Paging Mike Segroves for comment: This isn't breaking news, but I don't know how many people have heard about it (I came across it in a print legal journal - don't know if anyone wants to look for a link). In a recent amendment to the Self-Defense Act of 1995, the Oklahoma legistlature overwhelmingly passed language that bars any business from establishing a policy "that has the effect of prohibiting any person, except a convicted felon, from transporting and storing firearms in a locked vehicle on any property set aside for any vehicle." In other words, private companies on privately owned land can't tell their at-will employees that no guns are allowed on company property - they have to permit people to keep them in locked cars. Some of the big businesses with a presence in OK are challenging the new law (the challenge is also supported by the Tulsa police chief), including Halliburton (who'd have thought I'd ever be on the same side of an issue as Halliburton?). Discuss.
Hey, if I teach kindergarden, and I want to bring a gun in my car, its my right as a citizen because I'm just upholding my right to be a part of a militia.
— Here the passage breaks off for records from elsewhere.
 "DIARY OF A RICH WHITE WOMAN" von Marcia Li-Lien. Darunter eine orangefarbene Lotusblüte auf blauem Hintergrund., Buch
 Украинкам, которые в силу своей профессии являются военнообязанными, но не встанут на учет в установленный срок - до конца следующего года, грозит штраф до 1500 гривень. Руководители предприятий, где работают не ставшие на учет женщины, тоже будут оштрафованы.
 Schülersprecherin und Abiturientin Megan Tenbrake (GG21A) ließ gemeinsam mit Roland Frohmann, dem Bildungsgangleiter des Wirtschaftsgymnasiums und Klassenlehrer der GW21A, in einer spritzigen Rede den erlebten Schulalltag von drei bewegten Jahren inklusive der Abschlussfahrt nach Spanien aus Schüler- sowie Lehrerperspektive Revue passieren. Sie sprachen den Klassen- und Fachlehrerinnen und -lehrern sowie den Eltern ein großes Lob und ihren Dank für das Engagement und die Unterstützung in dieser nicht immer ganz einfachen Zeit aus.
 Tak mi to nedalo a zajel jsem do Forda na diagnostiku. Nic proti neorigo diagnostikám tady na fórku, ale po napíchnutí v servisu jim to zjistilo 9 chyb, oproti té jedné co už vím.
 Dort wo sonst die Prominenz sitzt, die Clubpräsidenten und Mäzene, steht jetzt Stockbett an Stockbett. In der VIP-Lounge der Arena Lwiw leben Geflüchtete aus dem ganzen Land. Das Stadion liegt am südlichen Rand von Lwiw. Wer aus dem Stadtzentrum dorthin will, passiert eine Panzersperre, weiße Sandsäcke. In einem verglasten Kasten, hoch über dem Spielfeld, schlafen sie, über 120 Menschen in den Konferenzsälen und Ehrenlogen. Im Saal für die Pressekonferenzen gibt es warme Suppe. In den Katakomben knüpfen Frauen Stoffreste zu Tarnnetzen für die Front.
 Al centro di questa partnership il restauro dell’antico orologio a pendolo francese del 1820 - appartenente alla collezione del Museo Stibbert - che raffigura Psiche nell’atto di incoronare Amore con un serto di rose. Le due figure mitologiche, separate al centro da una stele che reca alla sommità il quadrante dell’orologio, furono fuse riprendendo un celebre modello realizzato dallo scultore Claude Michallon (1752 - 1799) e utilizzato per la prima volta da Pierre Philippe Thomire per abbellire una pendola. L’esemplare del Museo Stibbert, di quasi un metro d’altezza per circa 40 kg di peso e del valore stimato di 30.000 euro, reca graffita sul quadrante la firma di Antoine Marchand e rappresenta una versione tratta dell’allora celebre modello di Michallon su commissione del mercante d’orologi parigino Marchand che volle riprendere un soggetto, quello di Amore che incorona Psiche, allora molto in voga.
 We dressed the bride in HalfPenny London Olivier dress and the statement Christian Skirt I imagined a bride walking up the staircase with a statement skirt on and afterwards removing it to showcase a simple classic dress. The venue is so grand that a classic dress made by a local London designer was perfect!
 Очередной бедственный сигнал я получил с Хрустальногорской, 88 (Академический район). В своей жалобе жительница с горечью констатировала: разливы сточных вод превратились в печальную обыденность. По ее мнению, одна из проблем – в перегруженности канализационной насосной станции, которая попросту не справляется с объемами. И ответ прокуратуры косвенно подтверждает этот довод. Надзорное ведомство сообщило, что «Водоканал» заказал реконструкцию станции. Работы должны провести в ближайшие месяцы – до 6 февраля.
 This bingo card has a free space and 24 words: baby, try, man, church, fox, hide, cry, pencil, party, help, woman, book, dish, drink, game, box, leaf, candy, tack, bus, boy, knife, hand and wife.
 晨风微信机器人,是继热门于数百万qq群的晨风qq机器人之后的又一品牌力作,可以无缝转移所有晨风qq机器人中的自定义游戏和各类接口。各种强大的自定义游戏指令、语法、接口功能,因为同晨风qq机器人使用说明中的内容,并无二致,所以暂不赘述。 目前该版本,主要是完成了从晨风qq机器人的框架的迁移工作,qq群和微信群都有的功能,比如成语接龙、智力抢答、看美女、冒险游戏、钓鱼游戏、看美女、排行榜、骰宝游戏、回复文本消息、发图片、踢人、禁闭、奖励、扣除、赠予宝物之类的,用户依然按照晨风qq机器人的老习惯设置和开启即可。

This seems kinda weird to me. If you can and do own a gun, well, having it locked in your car is a nice thing. Going North on a hunting trip after work? Well, it would suck to drive an hour south to get home, then an hour back north to wind up where you started. On the other hand, its on company property, and if Mr CEO's wife/sister was killed by workplace homocide, well, I'd expect no sympathy if a company security guard saw a gun in my car. Especially because I'm a bit unclear on the legal defense. I'm on company property. I agreed to follow company policies in return for a paycheck. I can't smoke onsite. I can't smoke weed offsite. What's the difference between a loaded gun in a locked car in the parking lot, and a loaded gun locked in my break-room locker?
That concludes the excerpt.